Source data:
++++

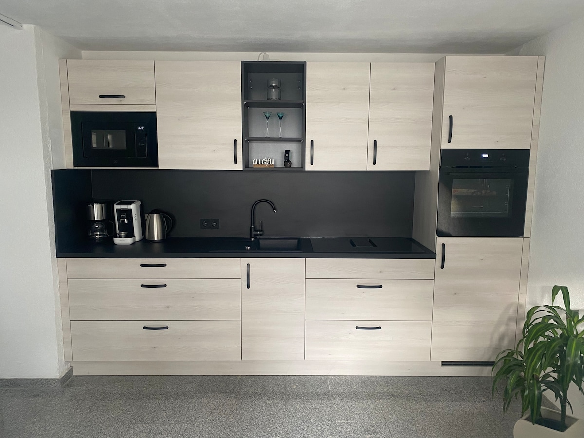 El apartamento, amueblado con cariño e inundado de luz, con su propia entrada desde el jardín, está en una casa de asentamiento en el Halblech. Tiene 43 metros cuadrados, la sala de estar y el área para dormir no están separados por una puerta. El apartamento es adecuado para parejas o familias con hasta dos hijos. Una cama doble, 180 x 200, y un sofá cama 140 x 195 ofrecen mucho espacio. La pequeña cocina está equipada con una placa de inducción, nevera y fregadero.
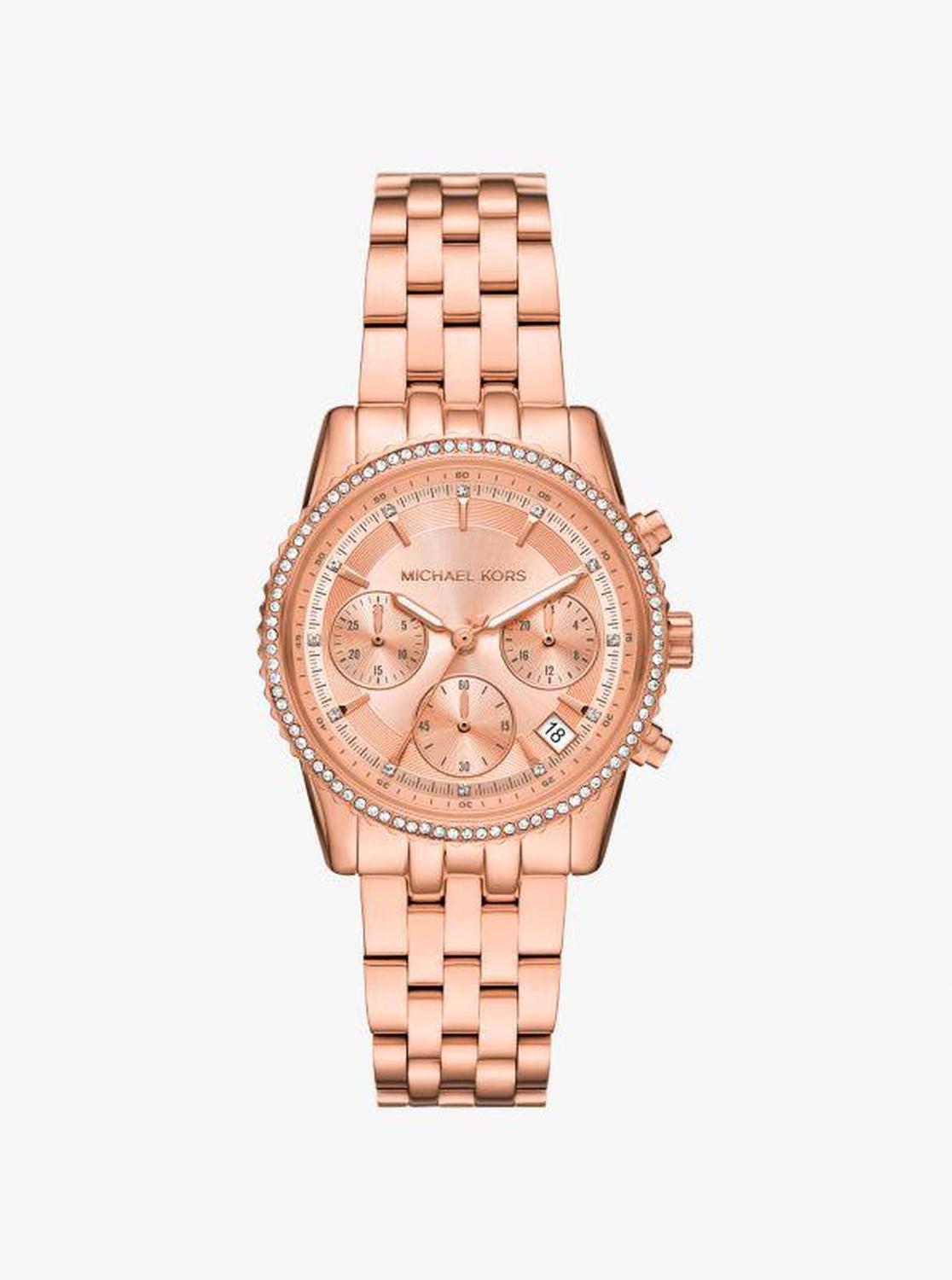 • Radiant and refined, the Ritz watch combines rose-gold-tone stainless steel with a menswear-inspired bracelet strap for a chic and timeless finish. The chronograph display lends functionality, while a pavé-studded bezel delivers a touch of shine.
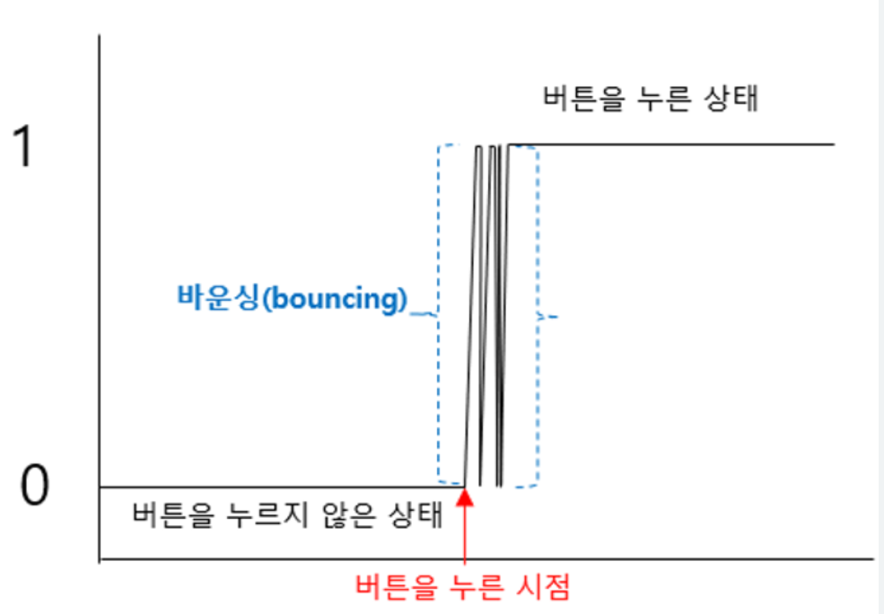 가장 손쉽게 해결 할 수 있는것은 버튼의 상태를 10~30 ms 정도 단위로 delay 를 주면서 읽는 것이다. 그러면 위의 현상을 어느정도 제거할 수 있다. 100%가 아닌 어느정도라고 표현한 이유가 있다. 만약 버튼을 누르는 속도가 30 ms 이하라면, 입력이 무시된다는 뜻이다. 즉,, 사람의 반응속도를 추정하고, 이보다 빠른 입력을 강제로 막는 방법으로 볼 수 있겠다. 재수가 없어서 바운싱이 30 ms 보다 길어진다면, 의도한대로 동작하지 않게 된다. 겁나,,찝찝하지 않은가?
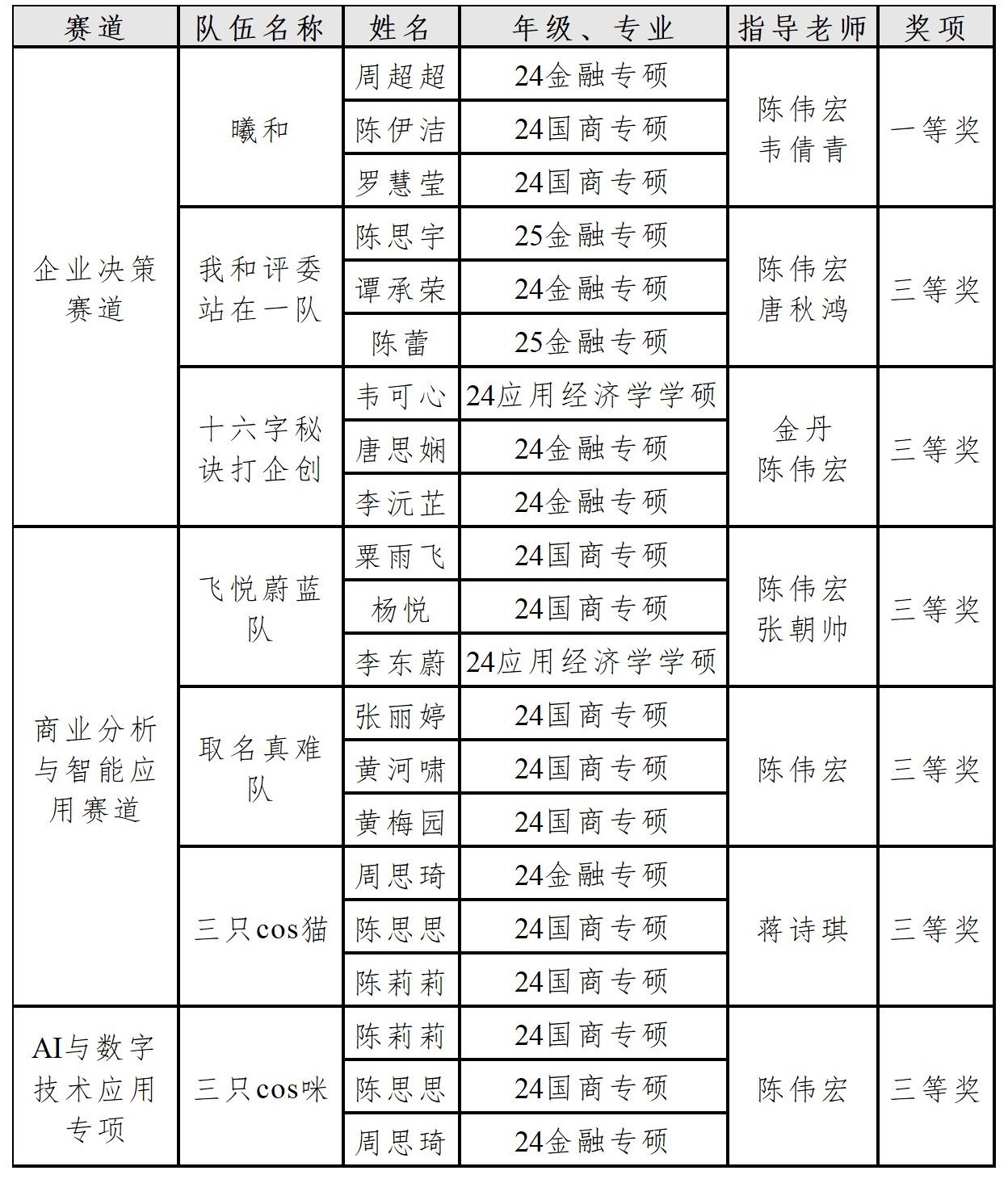 师生积极筹备,再创佳绩,在企创大赛中斩获多项大奖,包括在大赛“企业决策赛道”荣获全国一等奖1项,三等奖2项;“商业分析与智能应用赛道”荣获全国三等奖3项;“AI与数字技术应用专项赛道”荣获全国三等奖1项。此外,线上博彩平台获颁优秀组织奖。其中,由2024级金融专硕周超超、国际商务专硕陈伊洁、罗慧莹三位同学组成的线上博彩平台“曦和”代表队,在大赛全国总决赛企业决策赛道中表现突出,在前期倒数的情况下逆风翻盘取得总决赛小组第一名,问鼎全国一等奖(赛事最高奖项)。
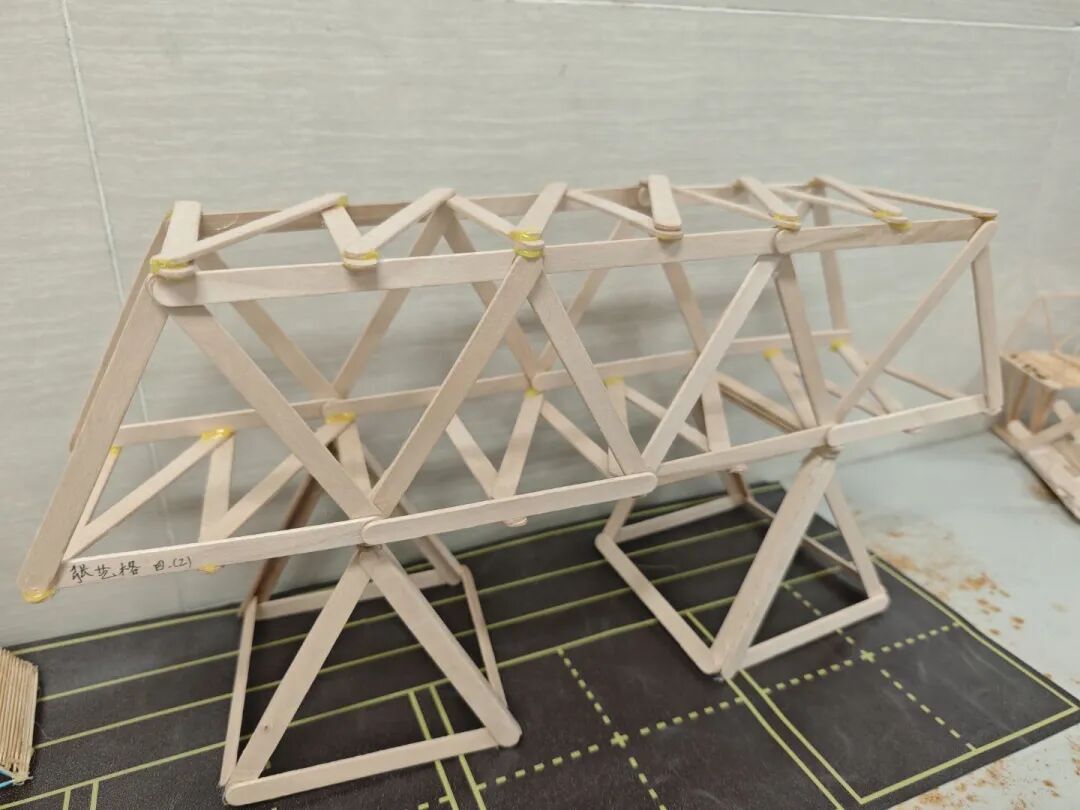 课堂上的几何知识不再是书本上的线条与定义,而是变成了同学们手中的创作灵感。大家巧用牙签、木棒、雪糕棍等常见材料,大胆构思、分工协作,亲手搭建出一座座精巧的模型:稳固的小桥、实用的衣架、充满童趣的摩天轮,还有别致的小房子与高耸的塔架……
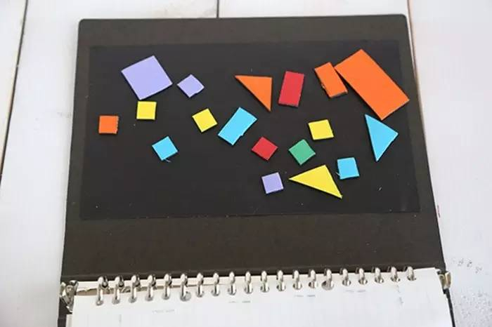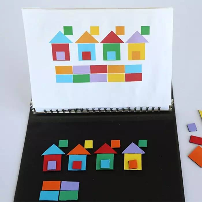 把制作好的图形贴片收纳袋和拼图模板装订在一起,就可以交到娃的手中,开始游戏啦!
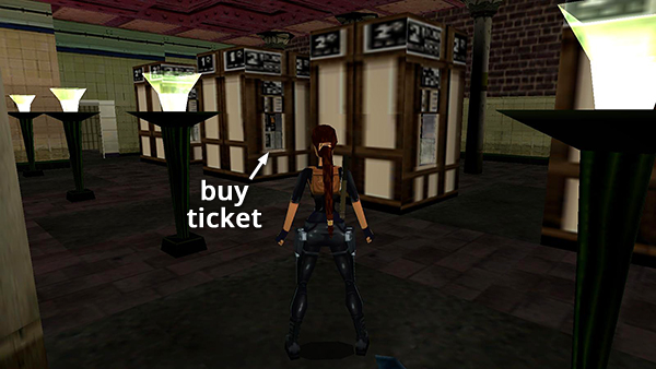 ROOM WITH TICKET MACHINES (again): Kill the gang member (12) lurking just inside on the right. Then use the OLD PENNY you found earlier in the fourth machine from the ticket window to buy yourself a TICKET (27). Note that each kiosk houses two ticket machines, so the fourth machine is on the right side of the second kiosk. (screenshot) Also, don't forget to pick up the ticket when it drops out of the machine onto the floor.
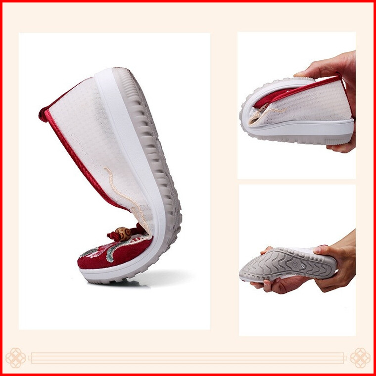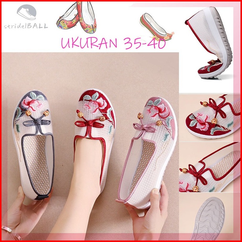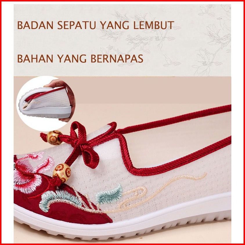 Ready Stock Sepatu Ibu Hanfu Wanita Bordir Slip-on - Jaring Bernapas Anti Slip Pesta Hf04
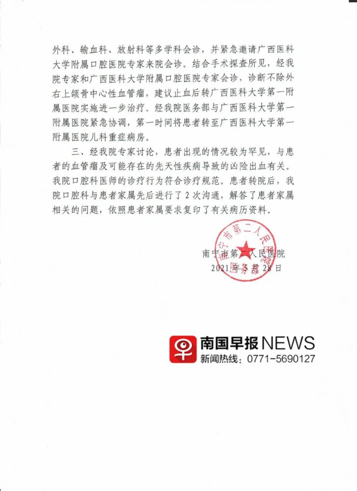 该院称,经我院专家讨论,患者出现的情况较为罕见,与患者的血管瘤及可能存在的先天性疾病导致的凶险出血有关。我院口腔科医师的诊疗行为符合诊疗规范。患者转院后,我院口腔科与患者家属先后进行了2次沟通,解答了患者家属相关的问题,依照患者家属要求复印了有关病历资料。
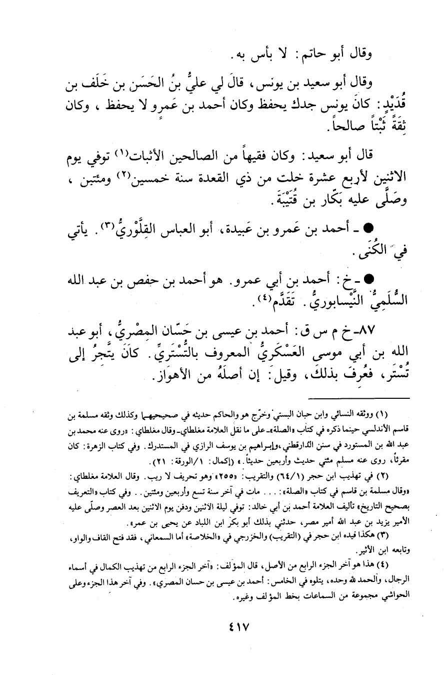 87- خ م س ق: أَحْمَد بن عيسى بن حسان المِصْرِي، أَبُو عَبْد اللَّهِ بن أَبي مُوسَى العسكري المعروف بالتستري. كَانَ يتجر إِلَى تستر، فعرف بذلك، وقيل: إن أصله من الأهواز.
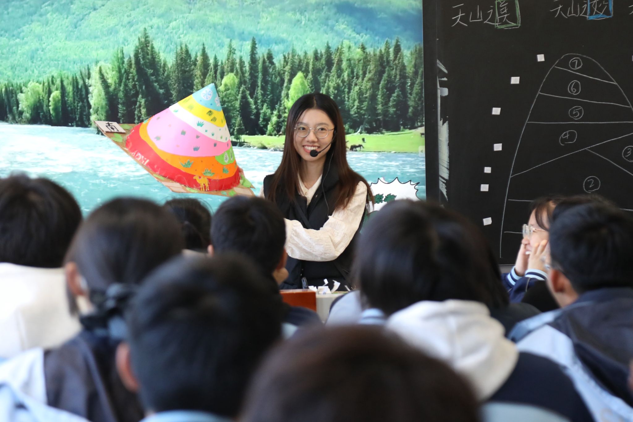 地理组冯舒琪老师以“美—妙—绝”三境贯穿天山教学,巧妙运用实物教具与遥感图像对比,引导学生从景观感知深入规律探究,在小组协作与思辨中,自然升华至人地和谐的地理哲学,实现了从感性认知到理性思辨的完整跨越。
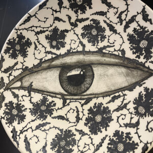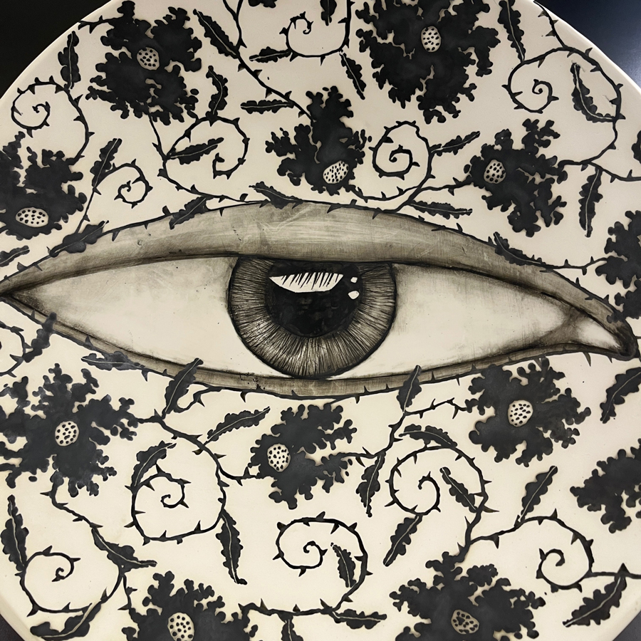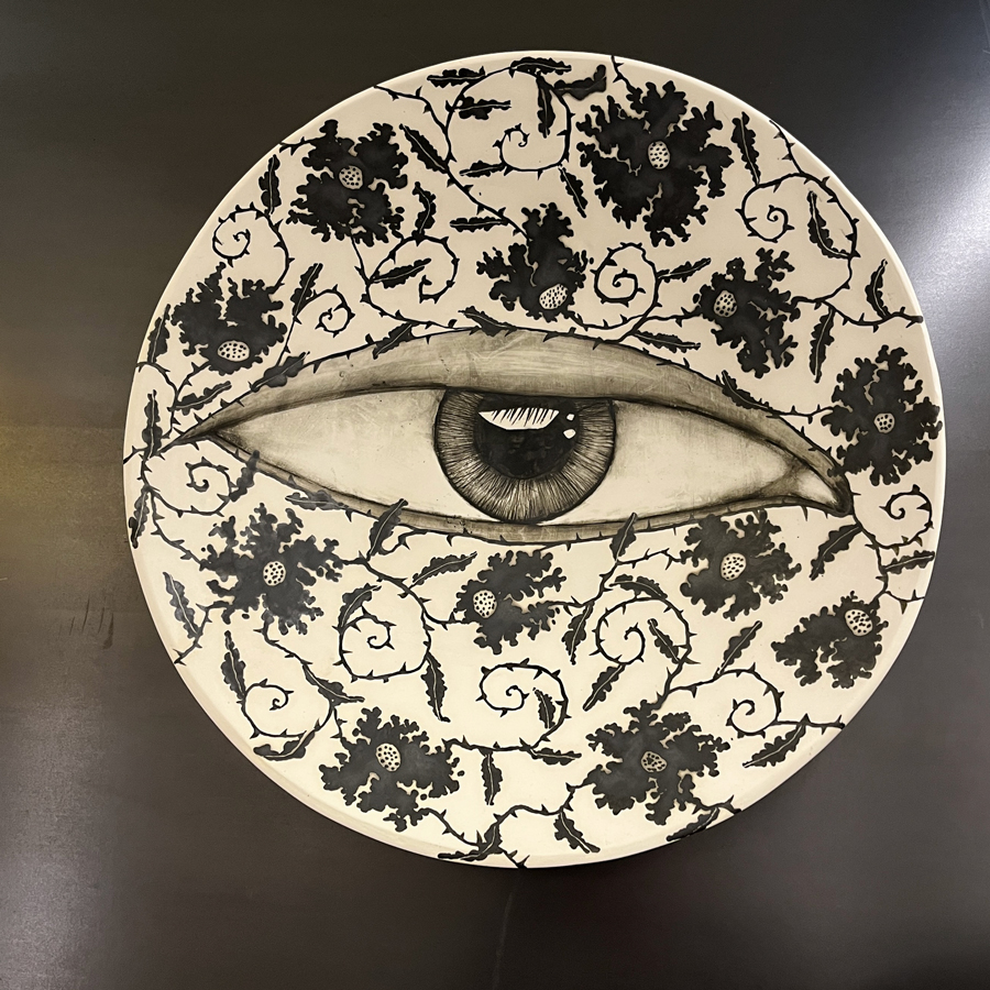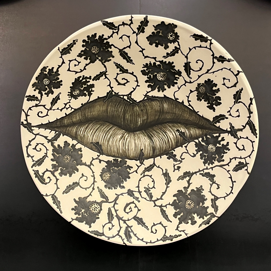 The surface of the plates is animated by a floral pattern that passes through the gaze and lips, like a thin veil. On the textured porcelain, the painting conveys the artist’s gesture.
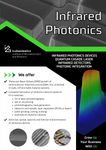 ● The group conducts R&D works in the field of infrared photonics belonging to current „hot topics”, with Focus on quantum cascade lasers and infrared detectors
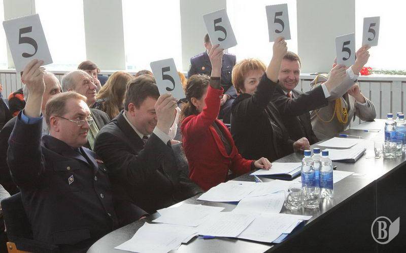 И вот первые оценки. Почтенное жюри оценивало абсолютно все - умение себя презентовать, наряд участниц, умение держаться на сцене. За весь конкурс жюри не поставило ни одной милицейской красавице оценку ниже 4 баллов.
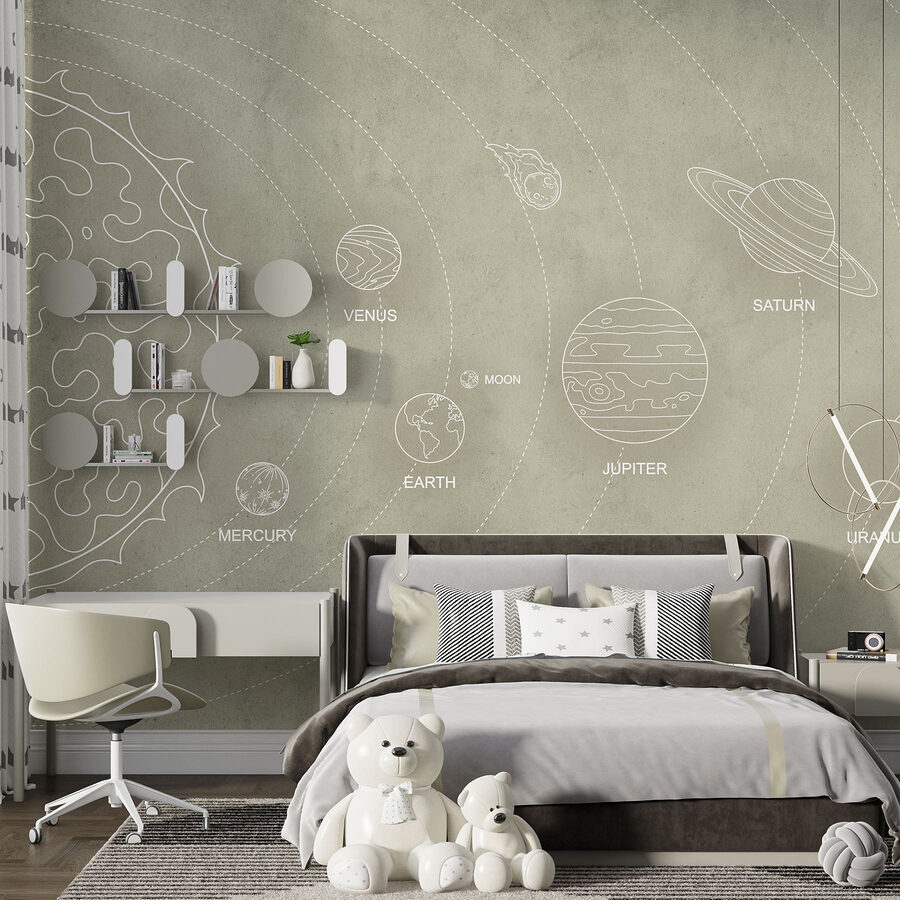 Transformați-vă spațiul într-un tărâm al minunilor cosmice cu această pictură murală “Diagrama planetelor”. Imaginați-vă că intrați într-o încăpere în care Mercur, Venus și chiar Pluto se relaxează pe perete ca și cum locul le-ar aparține. Este ca și cum ai avea un loc în primul rând în univers – fără a avea nevoie de o navă spațială! Liniile curate și tonurile liniștitoare ale acestei picturi murale o fac perfectă pentru un birou, o cameră de copil sau pentru orice alt loc care ar avea nevoie de un strop de magie celestă. Fie că sunteți pasionat de astronomie sau pur și simplu iubiți o atmosferă înstelată, această pictură murală stârnește curiozitatea și vă invită să visați cu ochii deschiși la galaxii îndepărtate. Imaginați-vă-i pe cei mici arătând spre Marte și întrebând dacă pot merge în vizită. Nu este doar decor; este un bilet către un univers al imaginației.

++++

Problem requirements:
Beginning with the line above that has "and infrared detectors" and going on through the line that has "И вот первые", retype every line exactly and add nothing else; drop the pictures.

Response to the task:
 ● The group conducts R&D works in the field of infrared photonics belonging to current „hot topics”, with Focus on quantum cascade lasers and infrared detectors
 И вот первые оценки. Почтенное жюри оценивало абсолютно все - умение себя презентовать, наряд участниц, умение держаться на сцене. За весь конкурс жюри не поставило ни одной милицейской красавице оценку ниже 4 баллов.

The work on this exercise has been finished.